A word-for-word copy of the entries, with images excluded, is the expected answer.

» Items listed in a dataset
# # # # # # #

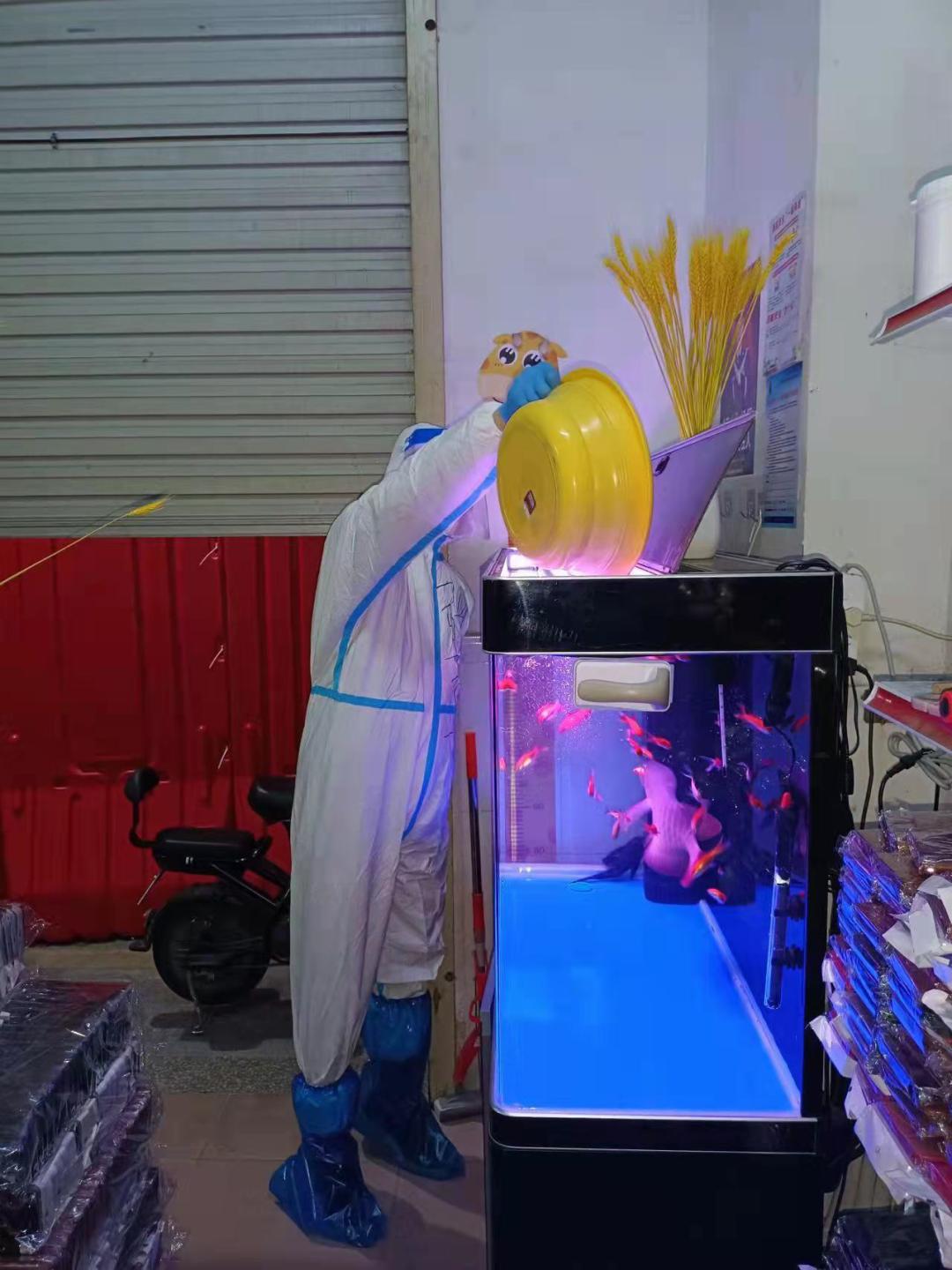 刚刚结束一天防疫工作的我看到消息后,饭都来不及吃,便重新穿上刚刚换下的防护装备,趁着朦朦夜色,迅速赶往求助居民所在的封控楼,接过商铺钥匙后又马不停蹄赶往商铺。生活中粗枝大叶的我,喂鱼时却不敢有丝毫马虎!我在店内监控视频中与鱼儿主人反复确认注意事项,小心翼翼地换水、喂鱼。
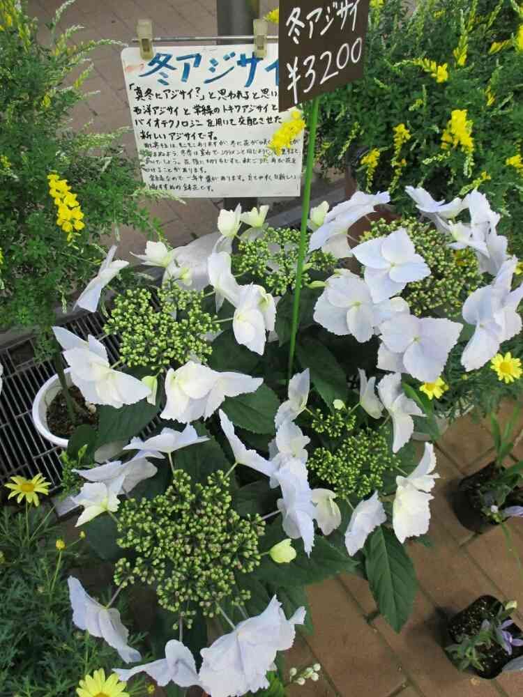 POPには、「西洋アジサイと常緑のトキワアジサイとをバイオテクノロジーを用いて交配させた新しいアジサイです」
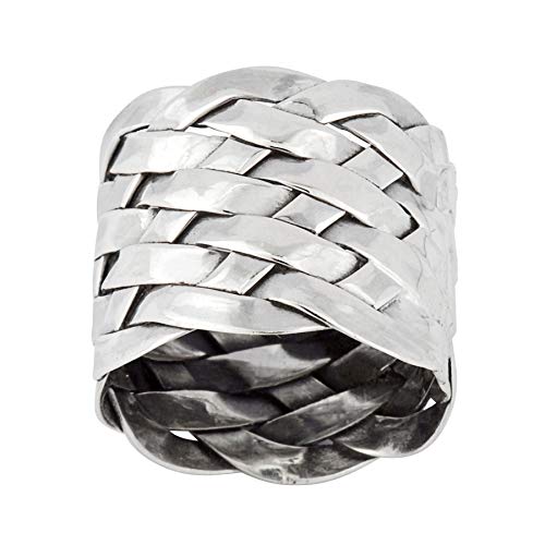 Silverly Anello Argento .925 A Fascia Spesso Maglia Intrecciata
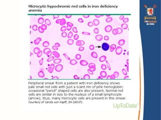 El documento presenta una introducción al acercamiento diagnóstico del paciente con anemia. Explica la definición de anemia y los criterios de la OMS. Describe la función de los glóbulos rojos, la eritropoyesis, los mecanismos de adaptación y las manifestaciones clínicas de la anemia. Además, introduce las clasificaciones morfológica y fisiopatológica de las anemias y los enfoques para la evaluación y diagnóstico diferencial del paciente con anemia.
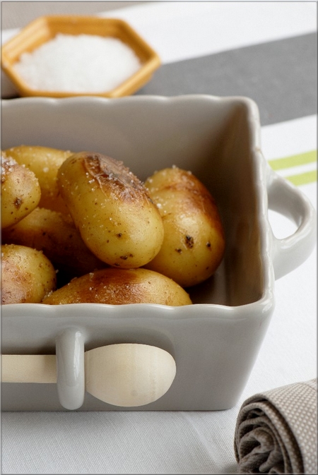 Dressage : mettre dans un plat de présentation les pommes de terre. Parsemer de fleur de sel et pour les gourmands, une noisette de beurre.
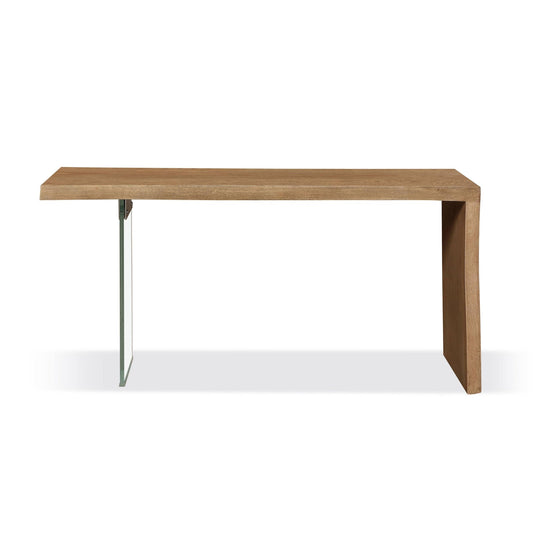 Modus One Live-Edge White Oak and Glass Console Table in Bisque

# # # # # # #

» EXPECTED ANSWER
 刚刚结束一天防疫工作的我看到消息后,饭都来不及吃,便重新穿上刚刚换下的防护装备,趁着朦朦夜色,迅速赶往求助居民所在的封控楼,接过商铺钥匙后又马不停蹄赶往商铺。生活中粗枝大叶的我,喂鱼时却不敢有丝毫马虎!我在店内监控视频中与鱼儿主人反复确认注意事项,小心翼翼地换水、喂鱼。
 POPには、「西洋アジサイと常緑のトキワアジサイとをバイオテクノロジーを用いて交配させた新しいアジサイです」
 Silverly Anello Argento .925 A Fascia Spesso Maglia Intrecciata
 El documento presenta una introducción al acercamiento diagnóstico del paciente con anemia. Explica la definición de anemia y los criterios de la OMS. Describe la función de los glóbulos rojos, la eritropoyesis, los mecanismos de adaptación y las manifestaciones clínicas de la anemia. Además, introduce las clasificaciones morfológica y fisiopatológica de las anemias y los enfoques para la evaluación y diagnóstico diferencial del paciente con anemia.
 Dressage : mettre dans un plat de présentation les pommes de terre. Parsemer de fleur de sel et pour les gourmands, une noisette de beurre.
 Modus One Live-Edge White Oak and Glass Console Table in Bisque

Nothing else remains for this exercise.